Let's take a look at what the computing industry looked like in the 80s. If you wanted a home computer, you could choose to buy, say, an Atari ST, or an Amiga 500, or a Sinclair Spectrum, or an Amstrad, or a Tandy, or even an IBM PC or an Apple Macintosh if you had the budget. Each of these ran an OS built by the manufacturer (mostly), and the OS your computer shipped with was likely the OS it remained with. The idea that you could, or should, be able to take an app from your ST and run it on your Mac was ludicrous, despite the fact that they were based on the same underlying chips, and could read each others disks.
If you read my previous article, this situation should sound remarkably like the mobile industry in up till 2007.
Now, let's look at what happened to the computing industry in the mid 90s: Microsoft released Windows 95. Its wild success homogenised the market, and within a couple of years, every computer ran Windows. Why? Because Microsoft introduced most of the world's population to a modern concept of "computing", and it looked like a button saying "start".
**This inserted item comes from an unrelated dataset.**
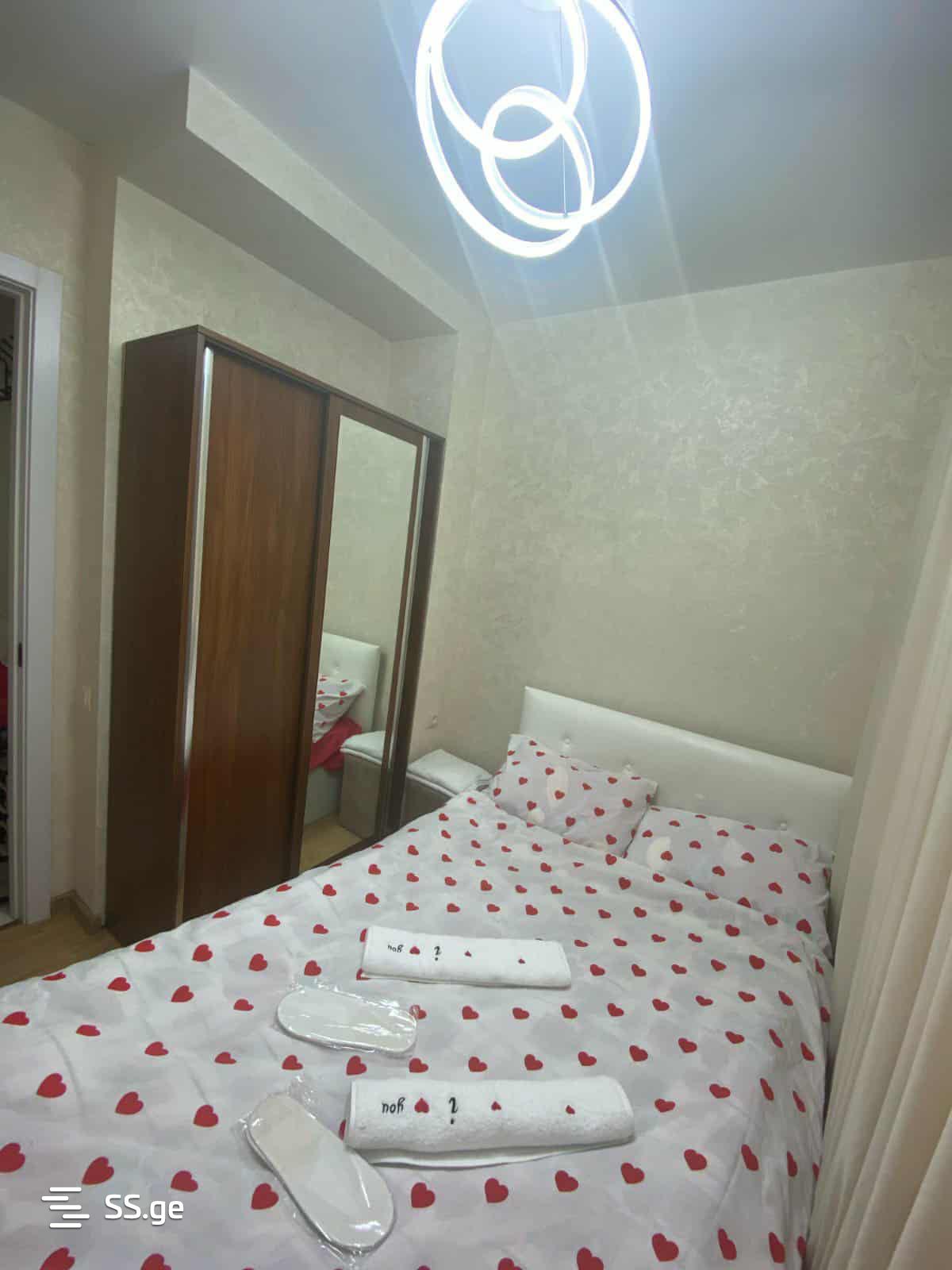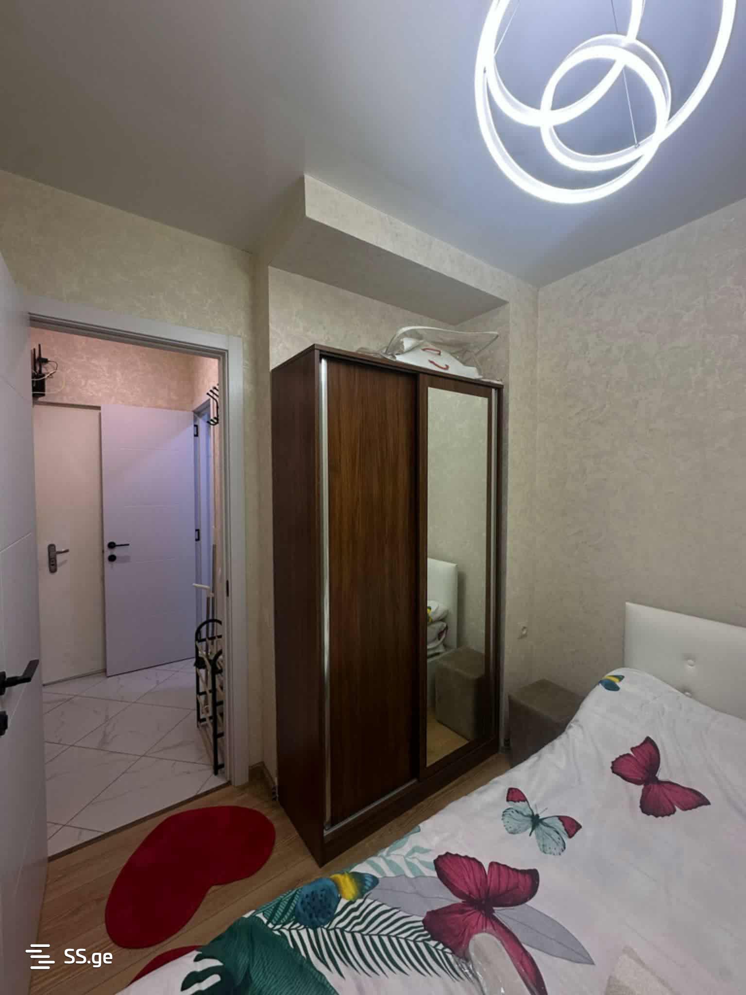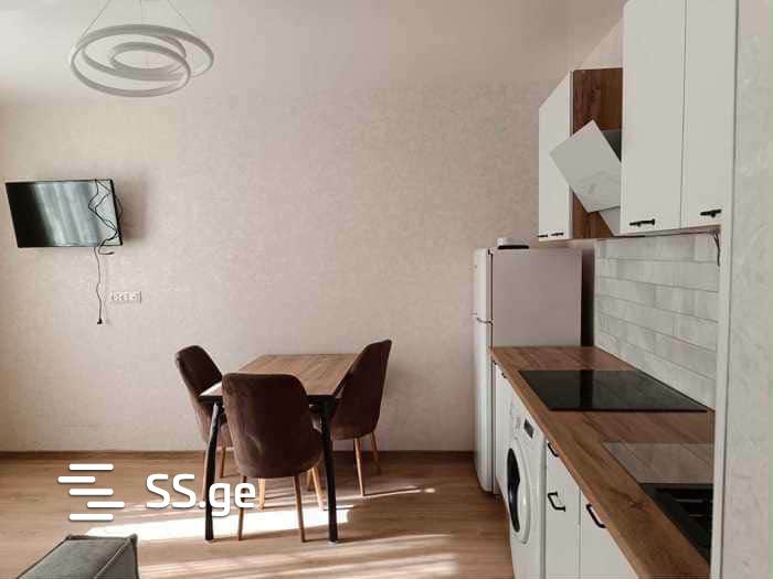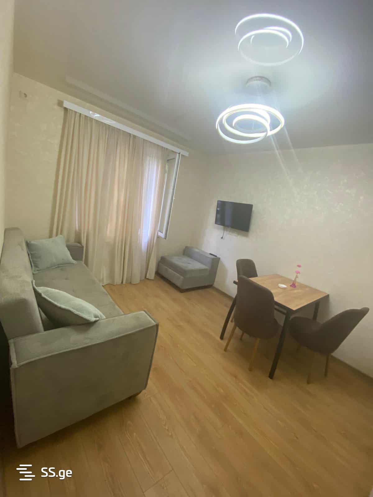 A well-furnished 2-room apartment for rent near Gldani shawarmas, equipped with an isolated bedroom, appliances, and furniture.

Microsoft didn't make its own computers, so had to license its OS to manufacturers in order to get its product in front of users, but here's the key point: the OEMs shipped what Microsoft gave them. MS didn't create Windows as a way to let Dell build its own OS, it created Windows in order to own the idea of computing. Dell didn't ship Dell OS, it shipped Windows. So did HP. So did IBM. So did everyone. MS retained an immense amount of control over its platform, in order to ensure that its users would recieve a consistent, unified experience of computing, and would insist on only purchasing computers that provided that experience.
Microsoft redefined what the computer industry was with Windows 95, in that it took a previous idea that had traction (you buy a computer, it ships with its own fixed OS) and flipped it (the version of the OS isn't tied to the hardware you bought, and your next machine feels exactly like your current one).
This is precisely what Apple did, and is doing, to the mobile industry.
The only difference between then and now is to do with how Apple and Microsoft chose to make money. A Windows license costs far less than a PC, and costs more to build and maintain. Software isn't cheap: You don't get economies of scale with software, unless you sell a boatload of them. Microsoft didn't make its own PCs, so it had to ship volume to become profitable. That's why market share mattered for Windows, that and the fact that, in order to turn the industry, MS had to "own" computing.
But make no mistake, market share was won in pursuit of profits. Android has market share, but how much profit is Google making from it? Market share is a meaningless business metric unless it's bringing in cash, and Android could have 100% market share but still make no profit for Google.
Compare with Apple's route to profits: It sells its own hardware, has an insanely well-tuned supply chain, and is simply gobbling up the cash in the market. Share doesn't matter when you make your own incredibly profitable hardware, and when you've locked up the supply chain so nobody else can hope to be as profitable.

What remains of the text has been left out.